Given data:
- Opening Delimiter -

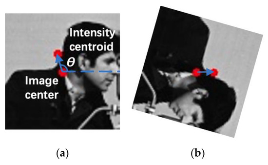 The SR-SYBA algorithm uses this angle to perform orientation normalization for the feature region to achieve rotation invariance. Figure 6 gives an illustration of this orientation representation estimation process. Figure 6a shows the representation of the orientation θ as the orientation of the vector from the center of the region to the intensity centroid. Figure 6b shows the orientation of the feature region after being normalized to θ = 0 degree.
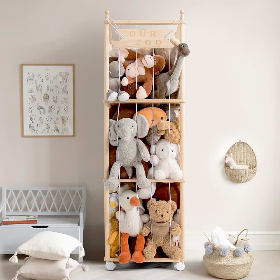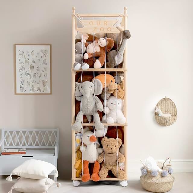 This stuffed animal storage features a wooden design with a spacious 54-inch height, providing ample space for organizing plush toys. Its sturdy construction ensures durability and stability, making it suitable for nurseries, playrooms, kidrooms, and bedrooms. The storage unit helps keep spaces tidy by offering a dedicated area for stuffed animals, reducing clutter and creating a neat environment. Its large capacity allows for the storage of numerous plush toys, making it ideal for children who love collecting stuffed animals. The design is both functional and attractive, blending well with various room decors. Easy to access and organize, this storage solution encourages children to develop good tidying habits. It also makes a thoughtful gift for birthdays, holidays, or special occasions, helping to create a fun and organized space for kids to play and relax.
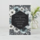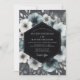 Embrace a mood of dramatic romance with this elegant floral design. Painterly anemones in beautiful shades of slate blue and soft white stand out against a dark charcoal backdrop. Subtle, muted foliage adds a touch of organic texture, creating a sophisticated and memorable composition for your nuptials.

- Closing Delimiter -
- Opening Delimiter -

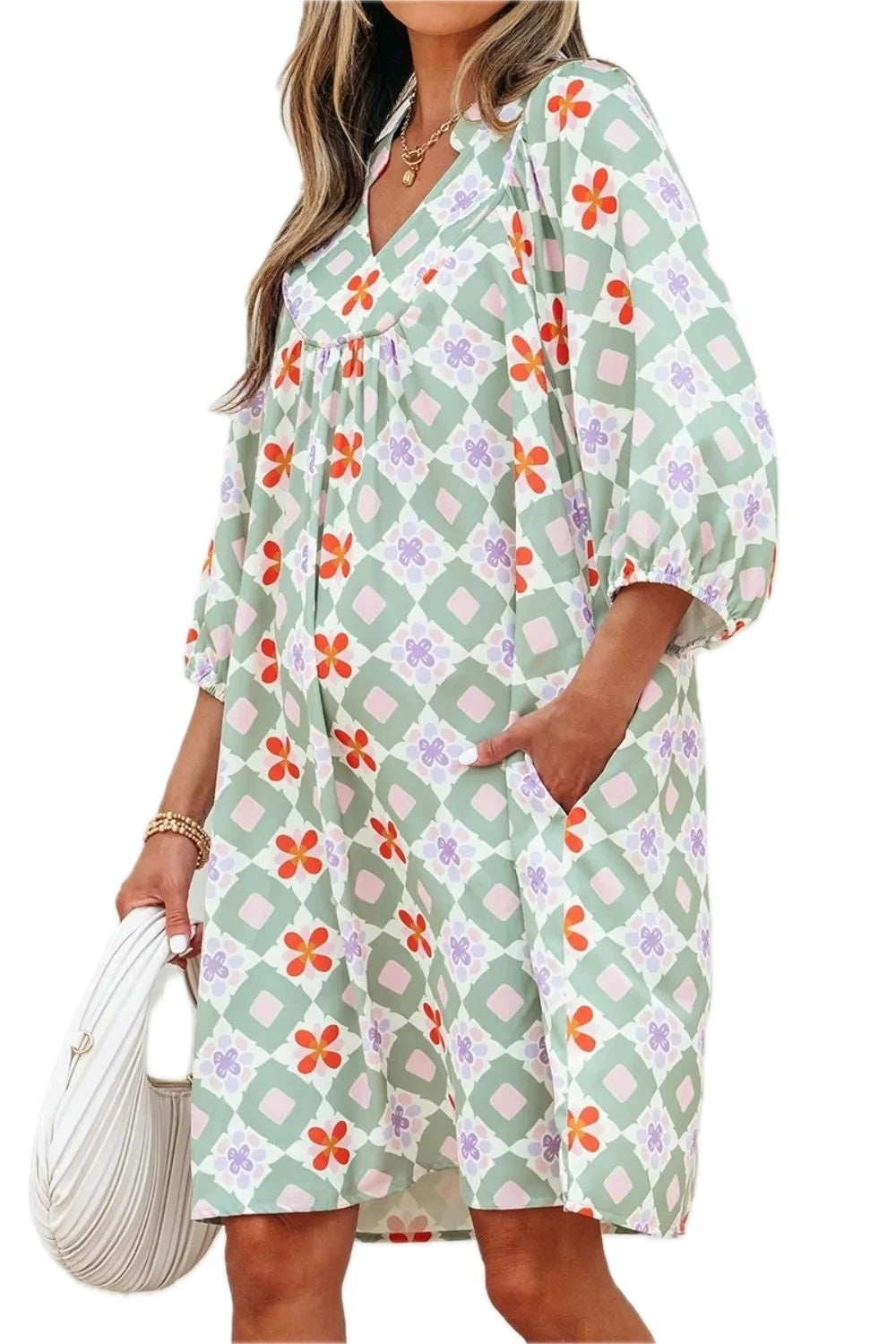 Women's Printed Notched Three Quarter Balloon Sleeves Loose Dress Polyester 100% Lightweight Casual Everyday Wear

- Closing Delimiter -
- Opening Delimiter -

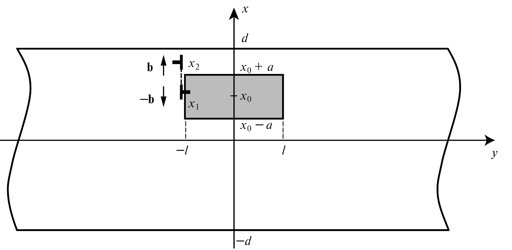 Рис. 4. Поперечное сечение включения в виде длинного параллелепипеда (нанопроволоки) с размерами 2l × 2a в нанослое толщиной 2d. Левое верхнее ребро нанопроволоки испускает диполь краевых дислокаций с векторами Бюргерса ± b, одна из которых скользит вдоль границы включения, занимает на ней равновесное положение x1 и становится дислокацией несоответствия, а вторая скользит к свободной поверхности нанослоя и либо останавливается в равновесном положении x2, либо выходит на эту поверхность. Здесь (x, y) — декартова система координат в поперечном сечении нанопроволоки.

- Closing Delimiter -

What is expected:
Copy out the listing above from the line containing "This stuffed animal" to the line containing "Embrace a mood", both included, exactly as written and minus the images.

Answer to this problem:
 This stuffed animal storage features a wooden design with a spacious 54-inch height, providing ample space for organizing plush toys. Its sturdy construction ensures durability and stability, making it suitable for nurseries, playrooms, kidrooms, and bedrooms. The storage unit helps keep spaces tidy by offering a dedicated area for stuffed animals, reducing clutter and creating a neat environment. Its large capacity allows for the storage of numerous plush toys, making it ideal for children who love collecting stuffed animals. The design is both functional and attractive, blending well with various room decors. Easy to access and organize, this storage solution encourages children to develop good tidying habits. It also makes a thoughtful gift for birthdays, holidays, or special occasions, helping to create a fun and organized space for kids to play and relax.
 Embrace a mood of dramatic romance with this elegant floral design. Painterly anemones in beautiful shades of slate blue and soft white stand out against a dark charcoal backdrop. Subtle, muted foliage adds a touch of organic texture, creating a sophisticated and memorable composition for your nuptials.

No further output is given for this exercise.